This document is a walk-through guide describing how to use rkt isolators for Linux Capabilities.
- About Linux Capabilities
- Default Capabilities
- Capability Isolators
- Configure capabilities via the command line
- Configure capabilities in ACI images
- Capabilities when running as non-root
- Recommendations
Linux capabilities are meant to be a modern evolution of traditional UNIX
permissions checks.
The goal is to split the permissions granted to privileged processes into a set
of capabilities (eg. CAP_NET_RAW
to open a raw socket), which can be
separately handled and assigned to single threads.

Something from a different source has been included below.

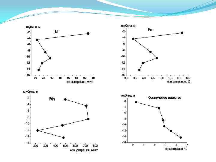 Результаты расчета форм миграции химических элементов в воде (программа PHREEQC и Geochemist’s Workbench) Преобладающая форма – свободные ионы (не связанные в комплексные соединения) миграционные формы Mn Mn 2+ Mn. SO 4 Mn. Cl+ Mn. Cl 2 миграционные формы Zn Zn. Cl 2 Ni 2+ Ni. SO 4 Zn. Cl+ Zn. SO 4 5%2% Zn 2+ миграционные формы Ni 9% 3% 11% 82% 14% 91% 72%

Processes can gain specific capabilities by either being run by superuser, or by having the setuid/setgid bits or specific file-capabilities set on their executable file. Once running, each process has a bounding set of capabilities which it can enable and use; such process cannot get further capabilities outside of this set.
In the context of containers, capabilities are useful for:
- Restricting the effective privileges of applications running as root
- Allowing applications to perform specific privileged operations, without having to run them as root
For the complete list of existing Linux capabilities and a detailed description of this security mechanism, see the capabilities(7) man page.
By default, rkt enforces a default set of capabilities onto applications.
This default set is tailored to stop applications from performing a large
variety of privileged actions, while not impacting their normal behavior.
Operations which are typically not needed in containers and which may
impact host state, eg. invoking reboot(2)
, are denied in this way.
However, this default set is mostly meant as a safety precaution against erratic and misbehaving applications, and will not suffice against tailored attacks. As such, it is recommended to fine-tune the capabilities bounding set using one of the customizable isolators available in rkt.
When running Linux containers, rkt provides two mutually exclusive isolators to define the bounding set under which an application will be run:
os/linux/capabilities-retain-set
os/linux/capabilities-remove-set
Those isolators cover different use-cases and employ different techniques to achieve the same goal of limiting available capabilities. As such, they cannot be used together at the same time, and recommended usage varies on a case-by-case basis.
As the granularity of capabilities varies for specific permission cases, a word
of warning is needed in order to avoid a false sense of security.
In many cases it is possible to abuse granted capabilities in order to
completely subvert the sandbox: for example, CAP_SYS_PTRACE
allows to access
stage1 environment and CAP_SYS_ADMIN
grants a broad range of privileges,
effectively equivalent to root.
Many other ways to maliciously transition across capabilities have already been
reported.
os/linux/capabilities-retain-set
allows for an additive approach to
capabilities: applications will be stripped of all capabilities, except the ones
listed in this isolator.
This whitelisting approach is useful for completely locking down environments and whenever application requirements (in terms of capabilities) are well-defined in advance. It allows one to ensure that exactly and only the specified capabilities could ever be used.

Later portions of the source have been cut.